Both, industrialisation as well as collectivisation were two polices introduced by Stalin with the aim of modernising the USSR. Although these did aim to improve the way the USSR ran and improve living conditions these both processes had their negative impacts. So I think we can not state they were a complete success, neither a complete failure.
Stalin replaced Lenin's market socialist "New Economic Policy- with a Five-Year Plan, which called for a highly ambitious program of heavy industrialisation and collectivisation of agriculture. In spite of early break downs and failures, the First Five-Year Plan achieved rapid industrialisation, although from a very low economic base. Russia, an inert sleeping giant before 1914, now became industrialised at an unbelievable speed. Stalin's industrialisation did make Russia a very successful industrial country. By the late 1930's many Soviet workers had improved their conditions by gaining well-paid skilled jobs and earning bonuses for meeting targets.

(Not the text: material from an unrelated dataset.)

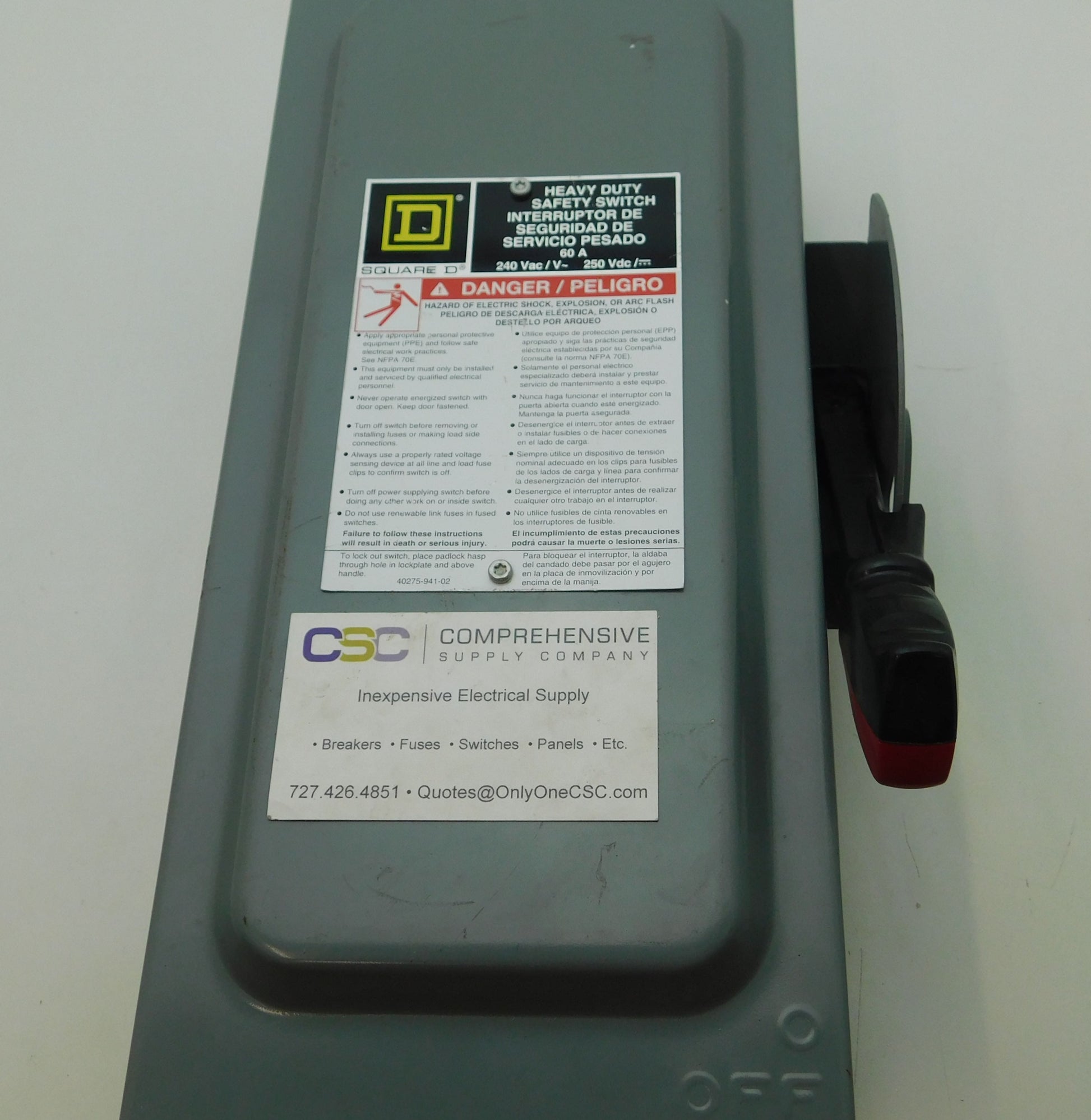 H322N - Square D 60A Amp 3P Pole 240V Nema 1 Fusible Heavy Duty Safety Switch W/Neutral

There was an almost non-existent unemployment rate. Stalin also encouraged women to work by setting up childcare services; four out of five new workers recruited between 1932 and 1937 were women. He also made education compulsory and free for all. It must be noted however that most ordinary Russians lived in extreme poverty and had very few rights during this period. Life was very hard, factory conditions were very dangerous. Any kind of discipline problems such as lateness or absence would be punished with sacking, which could also mean the loss of homes.
The rapid growth in the number of industrial workers living in cities meant that more food was needed. Stalin believed that this could be achieved by collectivising agriculture. The theory behind collectivisation was that it would replace small scale un-mechanised and inefficient farms that were the common place in the Soviet Union, with large scale highly mechanised farms that would produce food far more efficiently.